Überschreibe ich den Wert des UIManagers in Zeile 37, werden auch bei mir auf dem Rechner die Buchstaben unterstrichen, ansonsten nicht.

Der Fehler tritt übrigens nur beim WindowsLookAndFeel auf, beim Standard-LookAndFeel funktioniert es auch bei mir.

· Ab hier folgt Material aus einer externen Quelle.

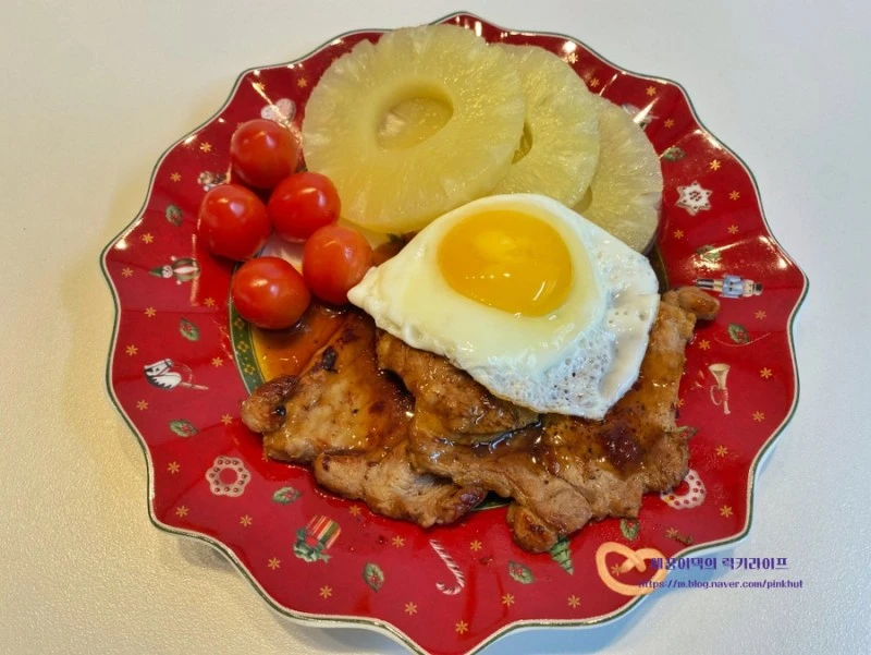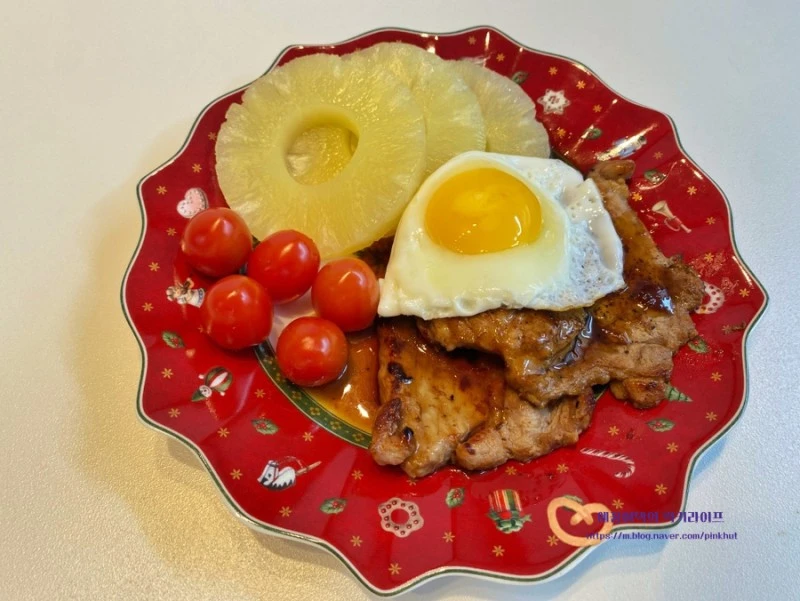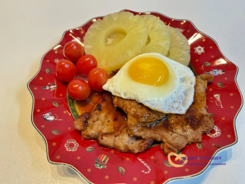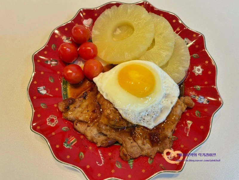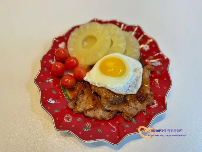 가니쉬로 계란후라이, 파인애플, 토마토 정도 준비해서

Hat jemand eine Idee an was das liegen kann? Ich bin ratlos...

Vielen Dank
Bartleby


----------



## thE_29 (16. Sep 2008)

Dir ist schon klar, das die Mnemonics nur dann angezeigt werden wenn du (in Windows) ALT drückst?


----------



## Bartleby (16. Sep 2008)

Hö, seit wann das denn  ???:L 

Auf dem anderen Rechner gehts ja auch ohne Alt. Mit dem Standard-LookAndFeel gehts auch ohne Alt. Und wenn ich Button.showMnemonics auf true setze gehts auch ohne Alt. Das verwirrt mich jetzt etwas...


----------



## thE_29 (17. Sep 2008)

So, gerade getestet!

Das ist Look And Feel abhängig! Also mit dem Default LnF in Java 1.4 zeigt er es an. Bei den anderen nicht mehr.

Setze halt den Eintrag: UIManager.put("Button.showMnemonics", true);  dann wirds immer angezeigt!


----------